(Beginning of Material supplied)

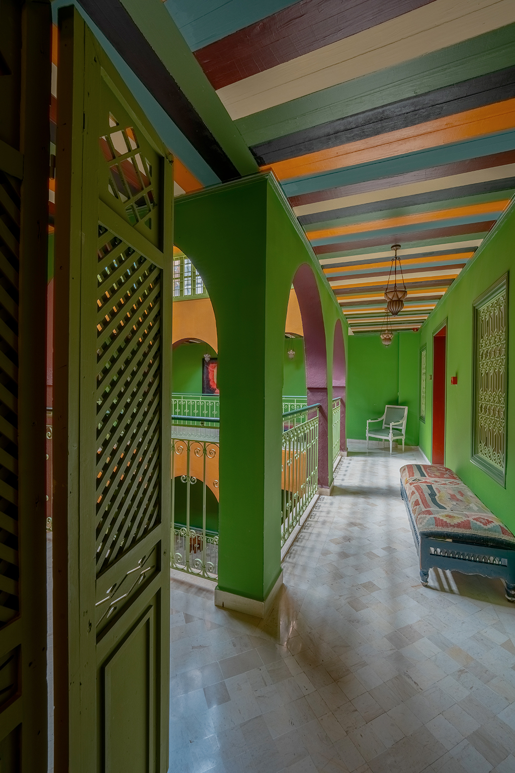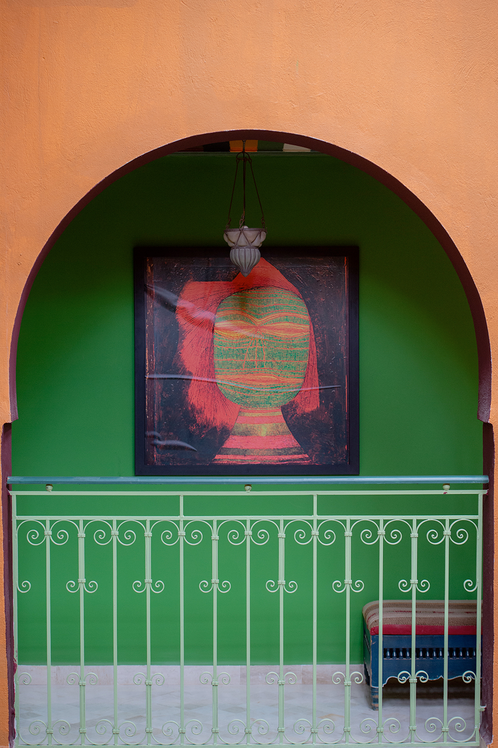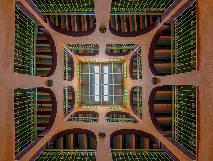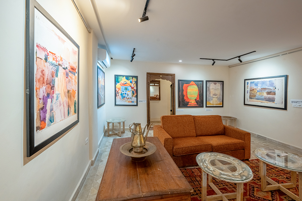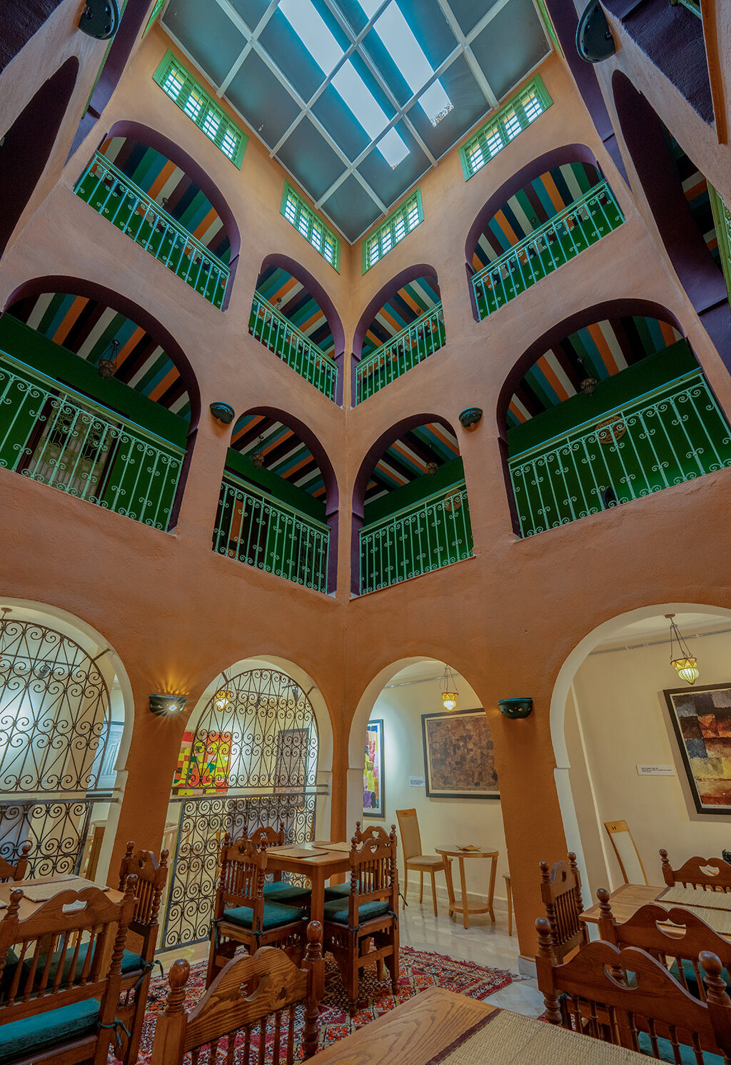 De là naît l’idée : faire de Dar Dhiafa un hommage vivant à Klee. Une galerie permanente est conçue au cœur de l’hôtel, avec des reproductions, des textes, mais surtout une atmosphère. Les murs en aplats de couleurs, les plafonds tressés, les portes en bois teinté évoquent l’aquarelle et la lumière de Kairouan. On ne décore pas : on crée une expérience sensorielle, presque mystique.
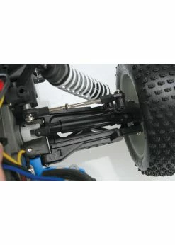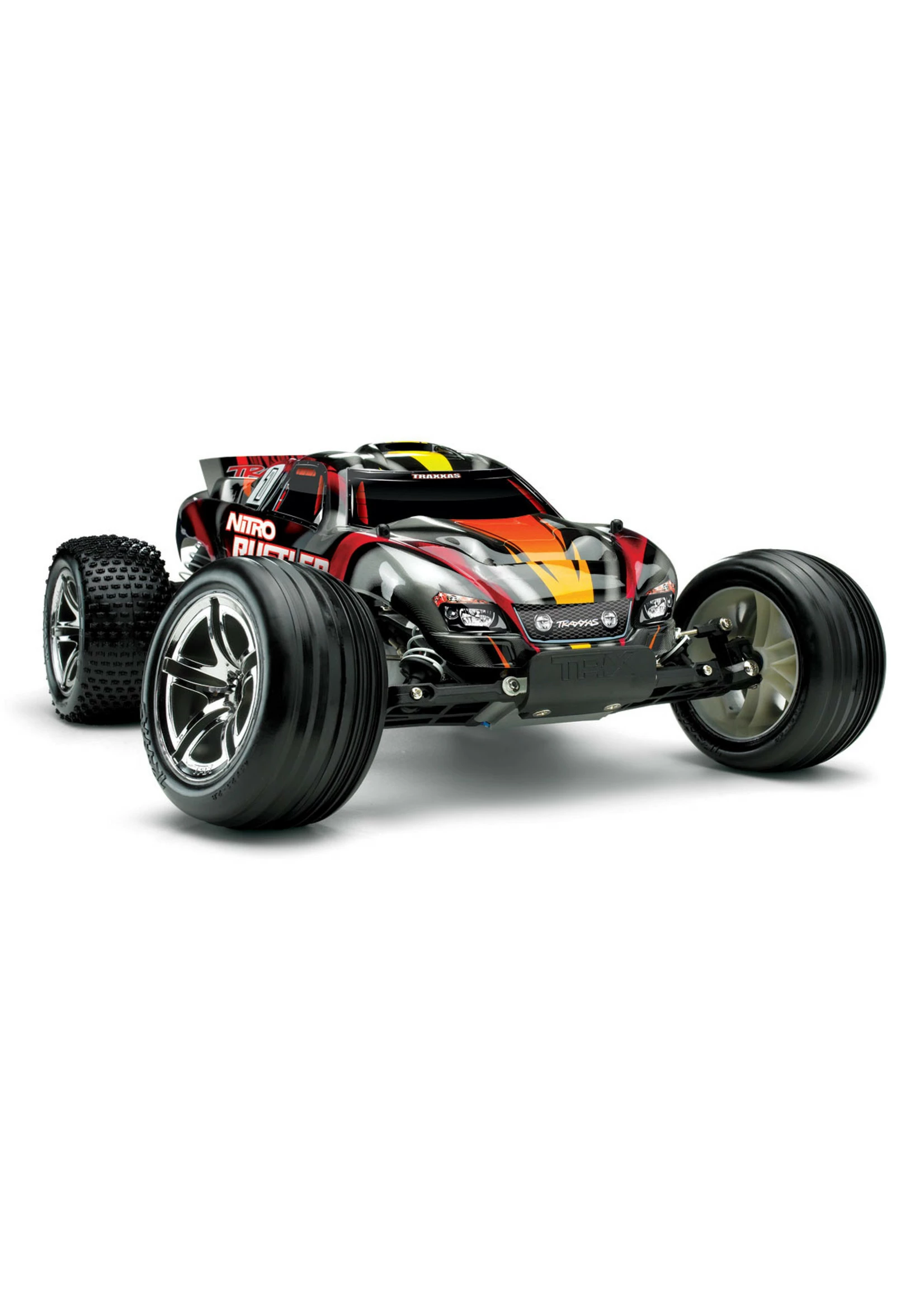 The Nitro Rustler is the first name in high performance 2WD nitro stadium trucks. Powered by the proven performance of the TRX 2.5 Racing Engine, Nitro Rustler totally out-muscles the competition with top speeds beyond 50 mph! The TRX 2.5 also pumps out the torque for brutal, wheel-standing launches and absolutely ruthless acceleration. The sleek body design cheats the wind with its smooth curves and low-slung stance, while the outrageous graphics dominate with style. The separate wing securely bolts to the body with precise aluminum hex hardware. Chrome 2.8 Twin Spoke™ rims are wrapped with pre-glued Alias™ step-pin tires in the rear and Alias™ ribbed tires up front. The high-tech rubber compound ensures great grip on a variety of surfaces. Grey-molded composite parts are thoughtfully integrated to enhance the look of the chassis. Fast, light, and loaded with power, Nitro Rustler’s power-sliding, dirt roosting attitude will have you reaching for the throttle again and again.
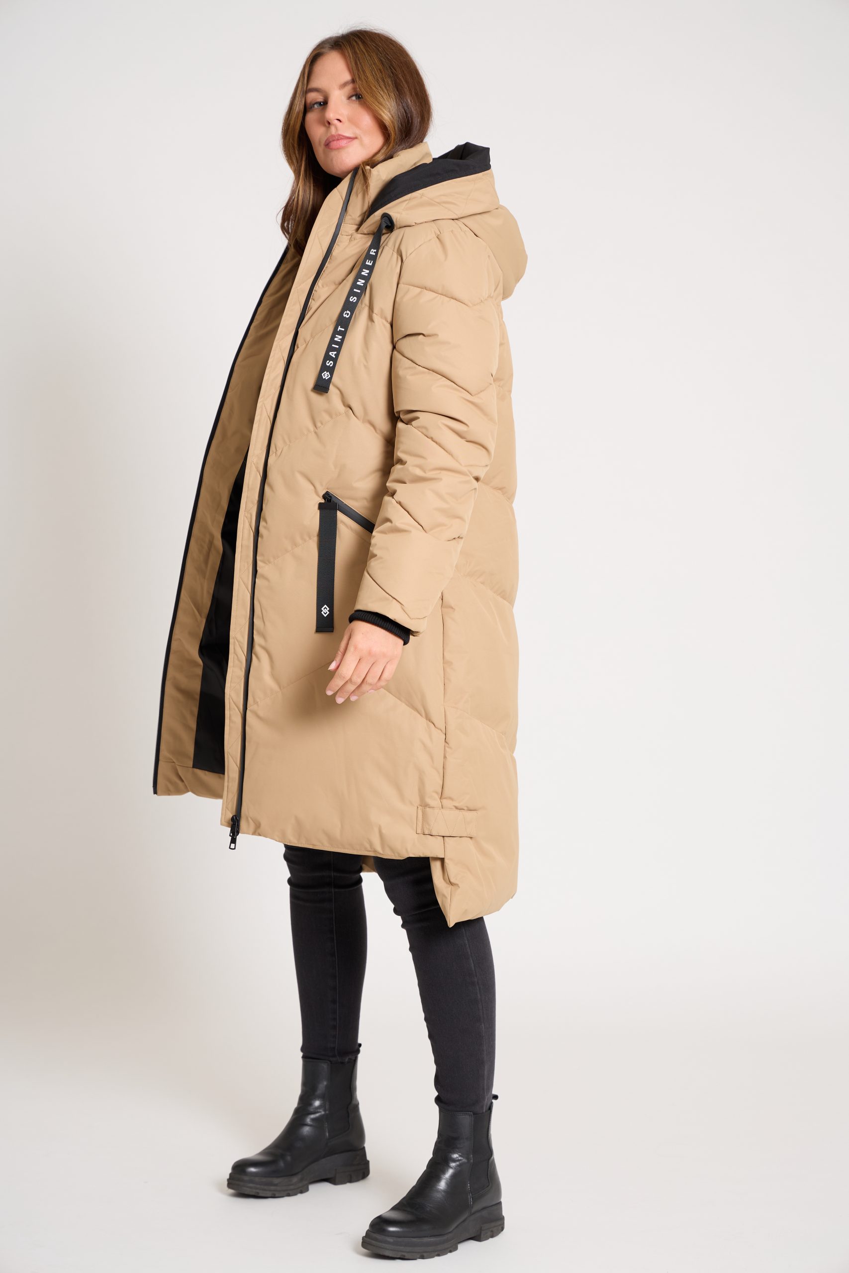 Women’s Long Padded Khaki & Black Hooded Winter Coat
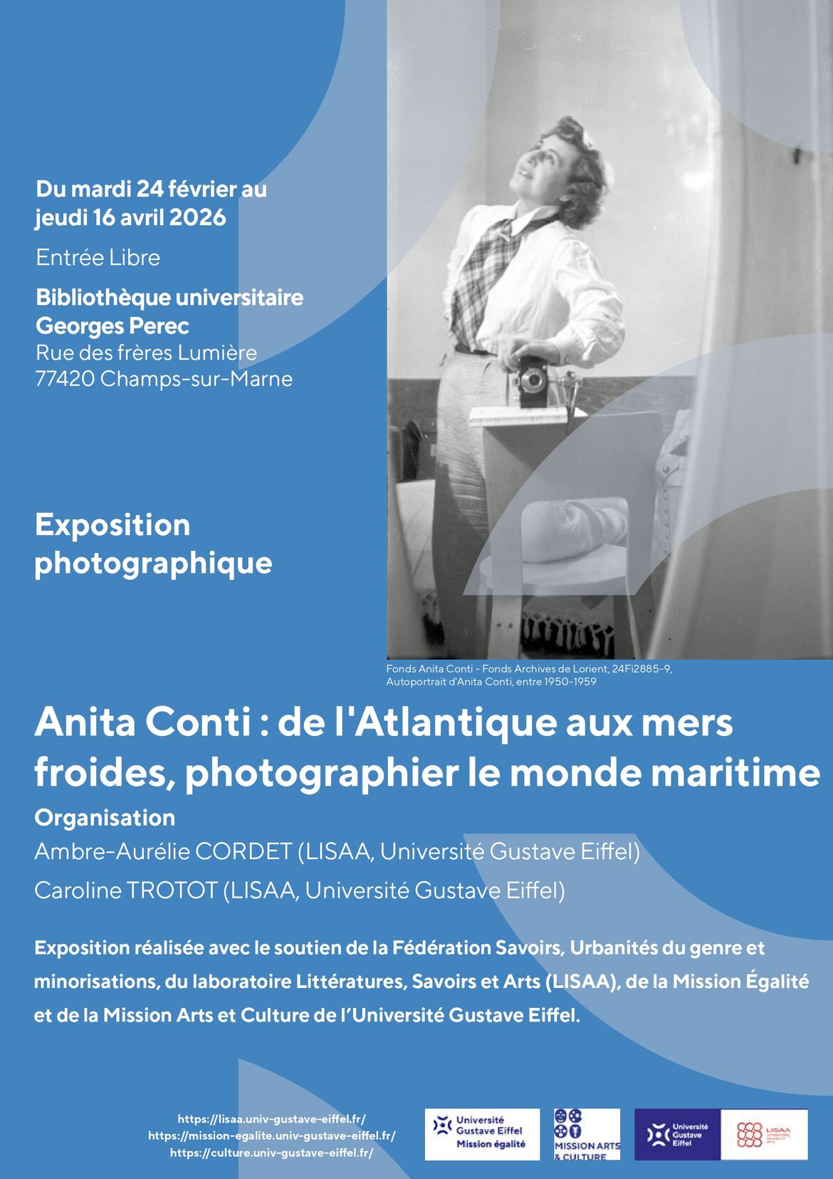 L'exposition rassemble un remarquable ensemble de photographies prises par Anita Conti (1899-1997) lors de ses missions scientifiques maritimes effectuées dans les années 1940-1950. En faisant dialoguer clichés pris à bord des pirogues et sur les côtes sénégalaises et clichés pris à bord des chalutiers-morutiers et au large des côtes de Terre-Neuve-et-Labrador et du Groenland, cette exposition permet d'appréhender le rôle éminent joué par Anita Conti dans la compréhension des écosystèmes marins et la gestion des ressources halieutiques. Ces photographies témoignent de la façon dont un regard sensible sur le monde maritime peut produire des savoirs essentiels aux enjeux de notre monde contemporain.
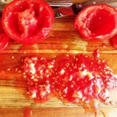 Cut the tomato in half and pull out the seeds and the gelatin surrounding them.
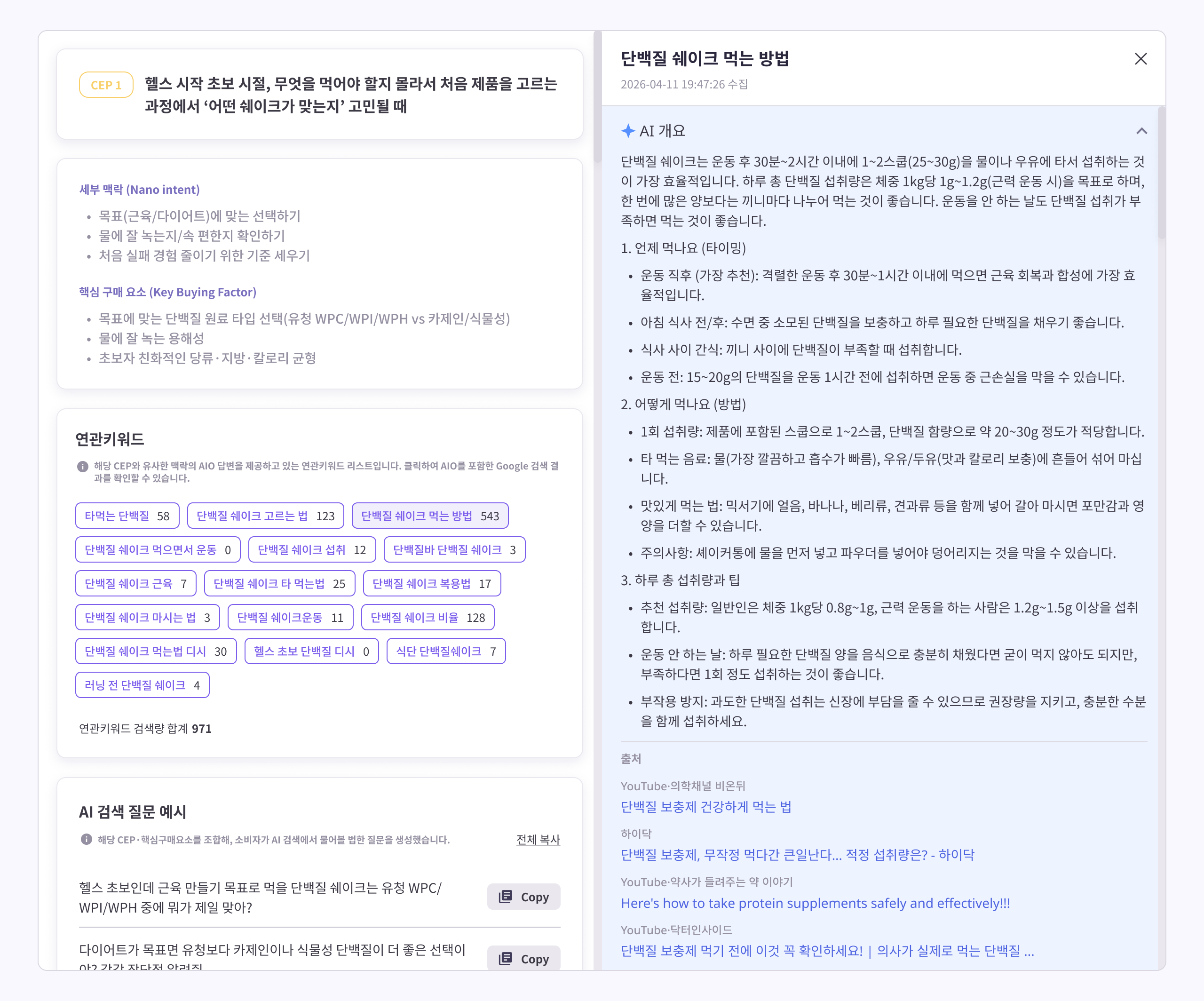 특정 CEP 카드를 클릭하면 해당 상황의 인사이트를 심층적으로 살펴볼 수 있는 모달이 열립니다. 모달은 크게 세부 맥락·핵심 구매 요소 요약, AI 검색 질문 예시, 연관키워드 검색 결과(SERP) 세 가지 정보로 구성되어 있습니다.
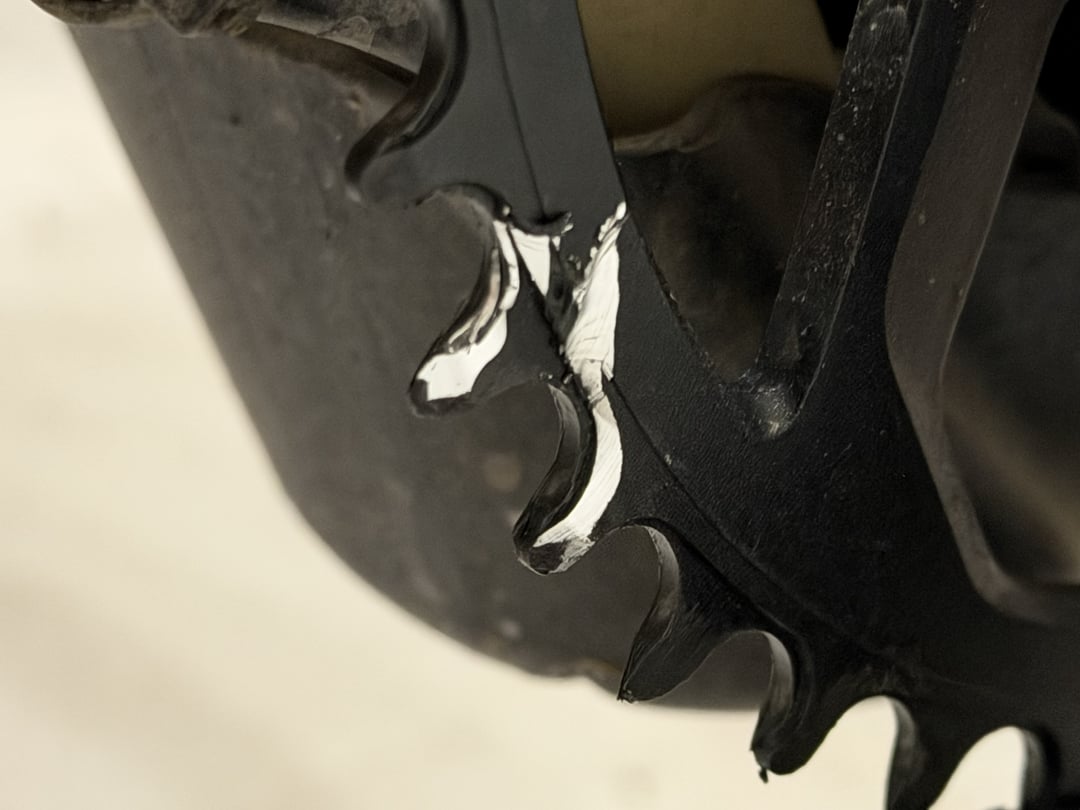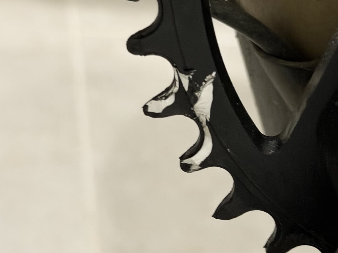 Darauf ist mir ein Schaden am vorderen Kettenblatt aufgefallen, siehe Fotos. Kann dieser Schaden durch das defekte Kettenglied entstanden sein? Ist das jetzt defekte Kettenblatt ursächlich für die rausspringende Kette?

(End of Material supplied)

Activity> Above are records; repeat only the lines from the line with "L'exposition rassemble un" through the line with "Cut the tomato", and leave pictures out.

Answer below>
 L'exposition rassemble un remarquable ensemble de photographies prises par Anita Conti (1899-1997) lors de ses missions scientifiques maritimes effectuées dans les années 1940-1950. En faisant dialoguer clichés pris à bord des pirogues et sur les côtes sénégalaises et clichés pris à bord des chalutiers-morutiers et au large des côtes de Terre-Neuve-et-Labrador et du Groenland, cette exposition permet d'appréhender le rôle éminent joué par Anita Conti dans la compréhension des écosystèmes marins et la gestion des ressources halieutiques. Ces photographies témoignent de la façon dont un regard sensible sur le monde maritime peut produire des savoirs essentiels aux enjeux de notre monde contemporain.
 Cut the tomato in half and pull out the seeds and the gelatin surrounding them.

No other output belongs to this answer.